I occasionally catch myself now leaning towards old habits. Not booze-related but behaviours that I don’t like and no longer wish to demonstrate. They’re like kneejerk reactions to situations; I slide into them before I even know where I’m headed. Sometimes I don’t think things through fully before I act, I have this impetuous nature that I consistently need to reign in. I have a tendency to the negative, which I hate. I have to really talk to myself quite sternly and switch things around so I expect good things to happen instead of the worst-case scenario (I think this is a hangover from my drinking days when bad things did happen all the time because I was always doing stupid things drunk). I can be slightly anti-social and talk myself into spending too much time alone, which never has a good effect on me but somehow I convince myself it’s OK.

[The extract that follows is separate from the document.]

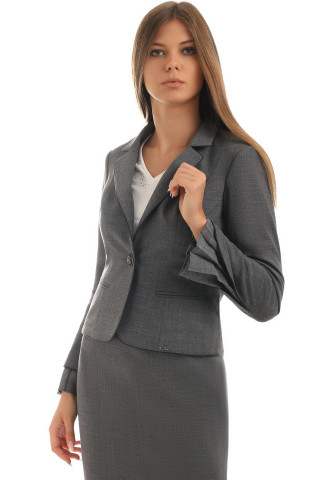 Elegantni kratki sako jednostavnog kroja. Možete ga kombinovati sa suknjom ili pantalonama iz iste linije i dobiti savršen poslovni look. Karneri po obodu rukava čine ovaj model efektnim. Zahvaljujući elastinu u materijalu veoma je prijatan za višesatno nošenje.
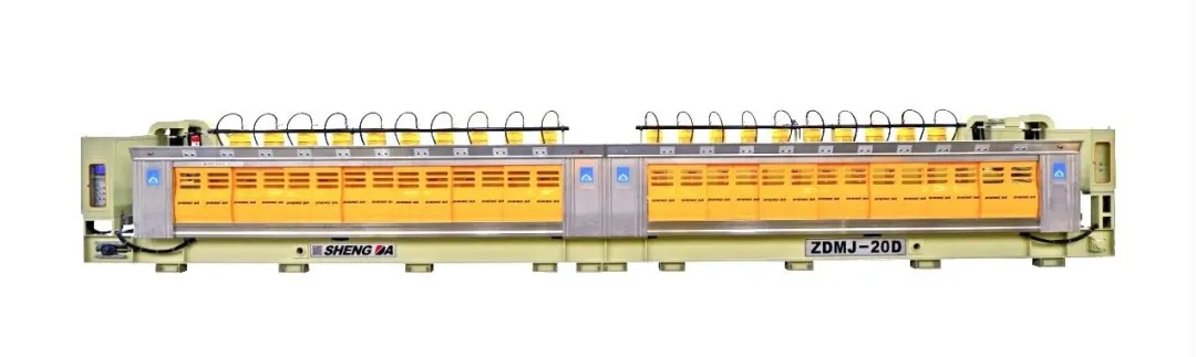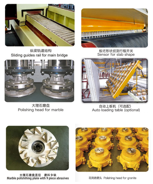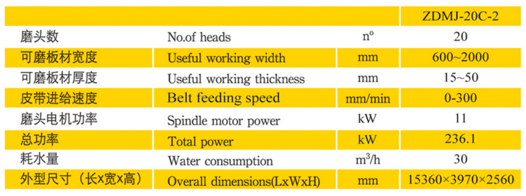 两段式自动磨机ZDMJ-20C-2 采用了最新开发研制成功的PLC中控系统与触模式操作终端, 可以人性化地操作、控制各个精密部件的协调运动和实时监控石板材在磨抛的全过程。同时机器运行过程中发生机电故障时,也能引导操作人员进行排除。机器自动化程度高,降低了操作者的劳动强度。机器结构上采用了两段式横梁,每段横梁上各配有10个磨头(共20个磨头),冷却水系统,减速机电机等零部件,通过减速传动轴,齿轮齿条的换向可实现横梁主体和磨头做独立的往复快速移动。使磨头高效率地自动磨抛大理石或花岗岩板材。

To do the opposite of all of these things requires Herculean strength on some days – massive mind-over-matter brain games, strict talking-tos inside my head, unnatural actions that are completely opposed to my automated responses. It all feels very weird and difficult. But, when you act out of intention rather than habit, you can chip away at ingrained behaviours and start to carve out new ones. And that’s how your life changes – wholesale.

Sometimes It’s The Little Things…

After an extraordinarily stressful couple of days, I just went for a run. I passed a bench, erected by someone in remembrance of a loved one. The wording on the bench said the person’s name, and the years of their life (just 54 years) and then, “Stop. Feel the sun”.

I stopped, I felt what it is to be alive. I stared at the inscription. I breathed. I ran.

About a mile further on in the woods, I took a break from running to wait for my dog who had paused to sniff around in the bushes. After a while, she looked up and noticed how far ahead I was, and set off at a fair old pace to catch me up. The air was cold, my breath hung in it briefly when I exhaled. I bent over, putting my hands on my knees and waiting for my dog to catch me up, her tail wagging, tongue hanging out of her mouth.

And it was the most alive I’ve felt in a long time.

Sometimes it’s the little things…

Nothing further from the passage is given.